US 12,379,933 B2
Ultra pipelined accelerator for machine learning inference
Titash Rakshit, Austin, TX (US); Malik Aqeel Anwar, Atlanta, GA (US); and Ryan Hatcher, Austin, TX (US)
Assigned to Samsung Electronics Co., Ltd., Yongin-si (KR)
Filed by Samsung Electronics Co., Ltd., Suwon-si (KR)
Filed on Apr. 2, 2020, as Appl. No. 16/838,971.
Claims priority of provisional application 62/934,355, filed on Nov. 12, 2019.
Claims priority of provisional application 62/927,544, filed on Oct. 29, 2019.
Claims priority of provisional application 62/926,292, filed on Oct. 25, 2019.
Prior Publication US 2021/0124588 A1, Apr. 29, 2021
Int. Cl. G06F 9/38 (2018.01); G06F 17/16 (2006.01); G06N 3/02 (2006.01); G06T 1/20 (2006.01)

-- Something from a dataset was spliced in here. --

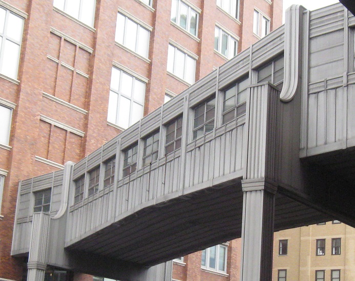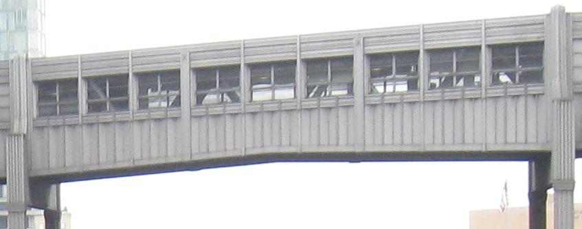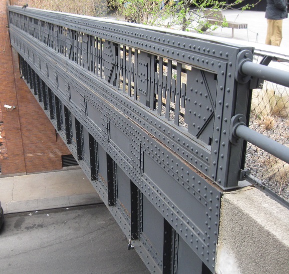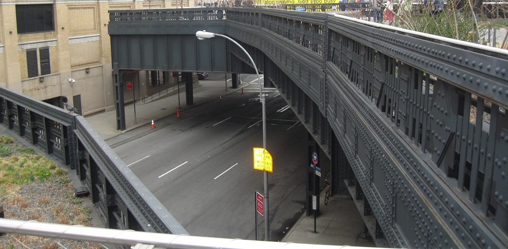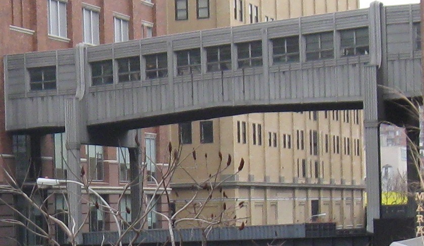 Looking back south at the first building I passed through. Very interestingly, buildings grew up over the High Line instead of just around it. While in some cases this facilitated deliveries along elevated sidings, it also meant a lot of soot, heat, and noise passing through the buildings several times a day. I've never heard of any tragedies involving the High Line so I assume nothing ever came of that concern. It's something you don't see elsewhere in the city (e.g. over former or current els) because those other areas are mainly residential, and people most certainly would not want to live over a 24-hour railroad line.

CPC G06F 9/3867 (2013.01) [G06F 17/16 (2013.01); G06N 3/02 (2013.01); G06T 1/20 (2013.01)] 19 Claims
OG exemplary drawing
 
1. A method of pipelining inference of a neural network comprising a plurality of layers comprising an i-th layer (i being an integer greater than zero), an (i+1)-th layer, and an (i+2)-th layer, the method comprising:
processing, by a controller, a first set of i-th values of the i-th layer via an i-th composite filter to generate (i+1)-th values for the (i+1)-th layer;
determining, by the controller, a quantity of the (i+1)-th values as being sufficient for processing by an (i+1)-th filter associated with the (i+1)-th layer, based on generating the (i+1)-th values to correspond to each unit being operated on by the (i+1)-th filter, the i-th composite filter comprising a first i-th filter and a second i-th filter, and generating more than one (i+1)-th value per clock cycle based on the second i-th filter being offset from the first i-th filter on the i-th layer; and
in response to the determining, processing, by the controller, the (i+1)-th values via the (i+1)-th filter to generate an output value for the (i+2)-th layer while concurrently processing a second set of i-th values of the i-th layer via the i-th composite filter.